CHAPTER 7
Advanced Valuation Topics for Early Stage Companies
As discussed in Chapter 3, the current value method is acceptable only in limited circumstances as a preferred value allocation method for early stage companies. The probability-weighted expected returns method (PWERM), on the other hand, is virtually always an acceptable value allocation method if it is appropriately applied. Due to the apparent subjectivity of some of the PWERM’s key inputs, however, it is often considered less preferable than the option-pricing method (OPM). There are facts and circumstances of specific early stage companies that argue for the PWERM over the OPM—that is, when the relevance of the PWERM outweighs its perceived subjectivity. To properly address the choice between these two allocation methods, one should focus on situations in which the OPM is less likely to provide reliable results:
• Future financing rounds are expected to occur prior to an exit event.

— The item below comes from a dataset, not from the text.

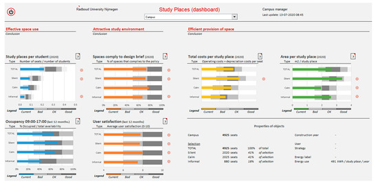 The RU campus has around 28 university buildings, six of which contain study places. Beyond their location, not much information on study places is available. The floor area per study place and costs of each building are known. However, the number and type of study places are not registered. In the dashboard, information is required on room level, including floor area, type, capacity and costs. Consequently, what was displayed in the dashboard prototypes had to be supplemented with hypothetical, plausible data, both for the real estate indicators and the information that would be delivered through IoT. This should not influence the quality of the results. Even with fictive data, workshop participants could assess the performance of the real estate portfolio and define interventions based on that. Any deviation from reality would not impede utilization of the indicators included in the dashboard and, therefore, the workshops would still provide the envisaged feedback.

• Major nonfinancial milestones have not yet been resolved.
• Significant spikes in value are possible (e.g., phase success in the biotech field).
• An IPO or sale is imminent.
• The time period to exit or liquidity is lengthy.
Some add that another flaw of the OPM is that there are many-stepped paths to liquidity that flow one from another and result in different times to liquidity (e.g., “We will try to sell in 18 months if things look tough, but if we get the big sales we are hoping for we will try to IPO in two years”). However, this ...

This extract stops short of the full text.